One of the techniques detractors will use is to conveniently forget about what Apple as a company has been trying to achieve for the last three decades. An appropriate amount of cynicism, which itself is routinely used to suggest a sharpness of wit and intellect, can be invoked to suggest that Apple is crassly playing with our emotions.

For most other companies, this might be the case. Companies that have spent their lifetimes trying to seduce us into their wares simply because they were adept at developing some interesting technology might be properly castigated for  abruptly trying to appeal to our emotions. The disconnect between their performance to date and the hasty attempt to appeal to our human side creates a cognitive dissonance that we readily detect.

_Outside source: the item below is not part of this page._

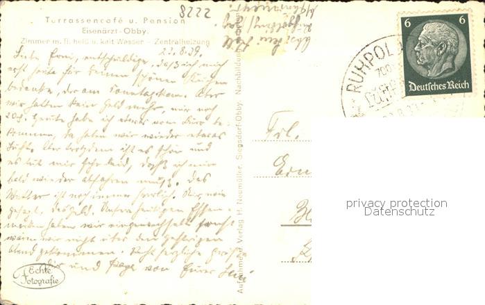 71676622 alte Postkarte Ruhpolding Bayern Terrassencafe-Pension Eisenaerzt postalisch gelaufen Erhaltung siehe scans KatCode: 11110009189140

With Apple, however, that dissonance is not possible. Going back to the the era of Steve Jobs's vision, "Here's to the Crazy Ones," and even before that, we know that Apple has been successful because the company's vision has always been about bring out the best in human beings through the proper and elegant utilization of technology.

Technology Doesn't Magically Improve Us

From a humanistic point of view, however, we know that technology toys don't make us better people. If they did, the world's problems would have gradually disappeared by now, but they haven't. Digital hardware and software don't make us better human beings.

However, for those people who do have something to say, for those people who are compelled to make their microcosm a better place, express themselves, and celebrate the best that humans have to offer, the right kind of tool is a joy to use in the journey.

Microsoft believes that we all want to wake up on Christmas morning, receive an Surface Pro 2 and start building Excel spreadsheets while we sip on some hot cocoa. Slavery to the god of business and money is not something that truly inspires.

Watching Apple's ad, we are reminded that life is all about getting out, doing things, celebrating our time on this planet, and doing something for ourselves and others with passion. As Robin Williams narrates: "...poetry, beauty, romance, love." He continues: the powerful play goes on, and you'll contribute your own verse.

For those people already of good mind to do these things, this ad reminds them that Apple strives to build the very best tools to help write their own verses. It's a simple but strong message that reiterates what Apple has always stood for.

From time to time, Apple needs to remind us of that.

This ad repeats a human truth and a corporate vision that have real meaning. And that meaning can't be simply brushed away by those who never developed the balance of mind and good spirits that this ad celebrates.